25 July,2017 09:25 AM IST | Galle | Jasvinder Sidhu
It has been almost 19 months since the ICC banned Jayananda Warnaweera, former cricketer and curator of the Galle International Stadium, for three year for his alleged involvement in 'pitch fixing' in 2015
Jayananda Warnaweera
It has been almost 19 months since the ICCâu00c2u0080u00c2u0088banned Jayananda Warnaweera, former cricketer and curator of the Galle International Stadium, for three year for his alleged involvement in 'pitch fixing' in 2015.
But the ghost of that fixing scandal involving an Indian bookie seems to be haunting everyone here. A request from mid-day for a meeting with the present curator for the first India-Sri Lanka Test was rejected without even bothering to learn the reason of the meeting.
"No one here is going to tell you anything about this pitch," a senior ground staff said. "Because of 'pitch fixing', everyone is under the scanner. This is very bad. We don't want more trouble. So please leave. The pitch is a very sensitive matter here."

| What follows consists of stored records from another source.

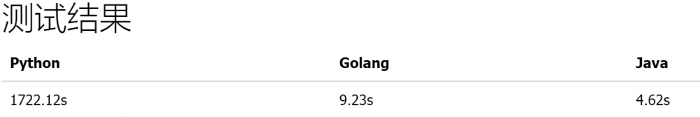 前两天我看到了一篇文章,测试Java和Go和Python的性能,其测试内容是一个排序,排序一亿次,然后看那个语言耗时最短,我先贴一下这个文章的测试结果,Java竟然比Go快了一倍不止,Go不是号称接近C的性能吗,难道?结尾我会把我看的这篇文章链接共享出来,接下来听我分析,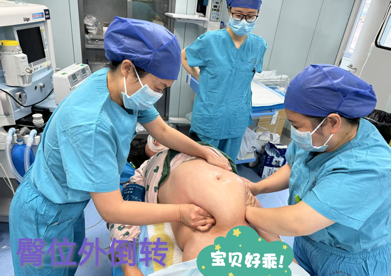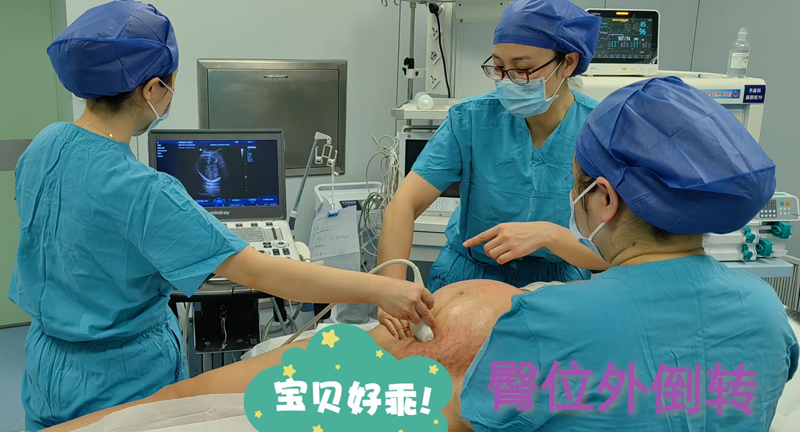 臀位外倒转技术 臀位外倒转是我院实施的特色项目,每年为上百例臀位宝宝实施华丽转身为头位,圆了孕妇能经阴道分娩的期盼。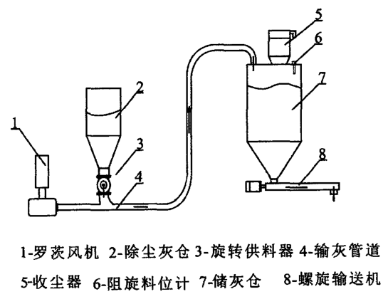 除塵系統(tǒng)手機(jī)的煙塵采用密閉管道正壓稀相輸送方式,將煙塵輸送到只求系統(tǒng)進(jìn)行壓球。采用氣力輸送的優(yōu)點(diǎn)是減少了煙塵的二次倒運(yùn)和因此產(chǎn)生的無組織排放,實(shí)現(xiàn)了煙塵的長(zhǎng)距離密閉輸送。如下圖: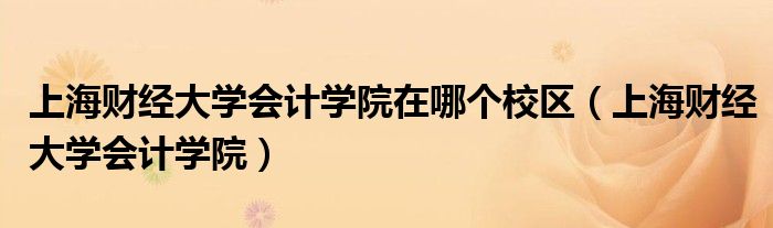 上海财经大学会计学院在哪个校区(上海财经大学会计学院)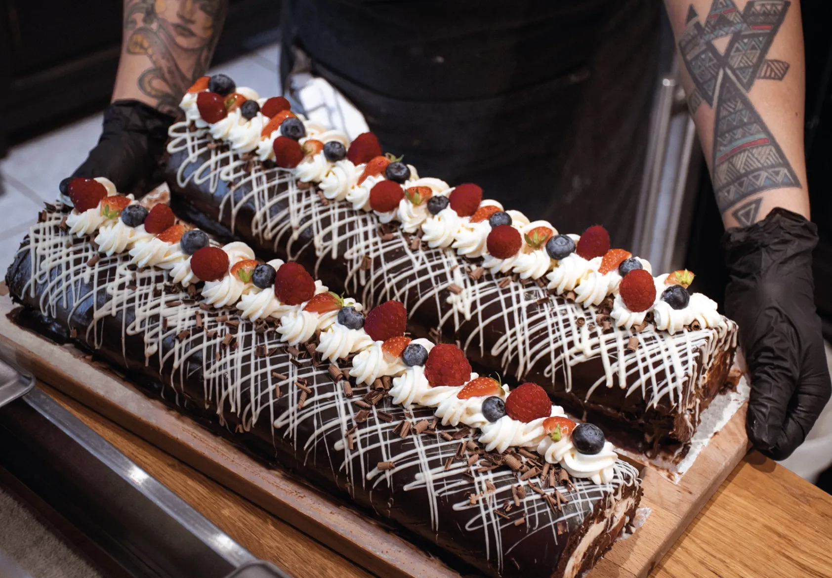 Kevyt, kuohkea ja täynnä makua. Suklaakakku kierretään rullalle ja täytetään vadelmilla sekä tuorejuusto-kermavaahdolla. Tämä ihastuttava leivonnainen viimeistellään suklaalastuilla, valkosuklaalla sekä mehukkailla mustikoilla ja vadelmilla.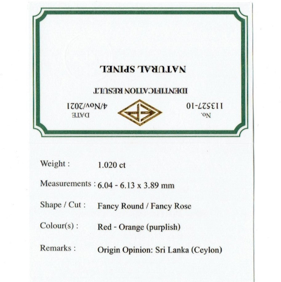 複雑で個性的な美色「パープリッシュレッドオレンジ」スピネル1.020ct💎ピアッちゃん作品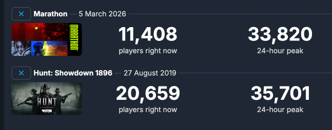 >Hunt actually has higher CCU than Marathon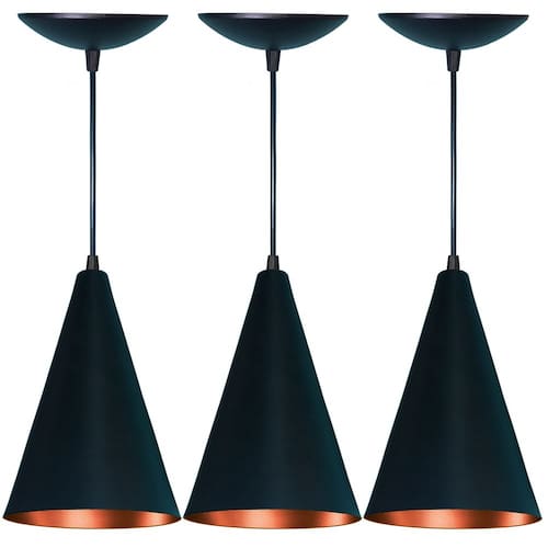 Adquira agora mesmo o Kit 3 Lustres Pendente Cone em Alumínio Preto Fosco e Cobre e transforme a iluminação do seu ambiente com estilo e elegância.

As the entire ground staff were busy getting the stadium ready for the Test, the man in the eye of the storm was sitting in Kandy.
"There is no point in coming to watch the match," Warnaweera said over the phone. "I have already served two years of the sentence for a crime which I never committed. There is only one year remaining of the ban. I don't want any controversy. I am happy with my family. My wife has a good job and my son is in America. I am a happy man."
Warnaweera denied any wrongdoing but sources in the ICC claim that he was in touch with an Indian bookie and provided him with pitch information during Sri Lanka's Test series against the visiting West Indies.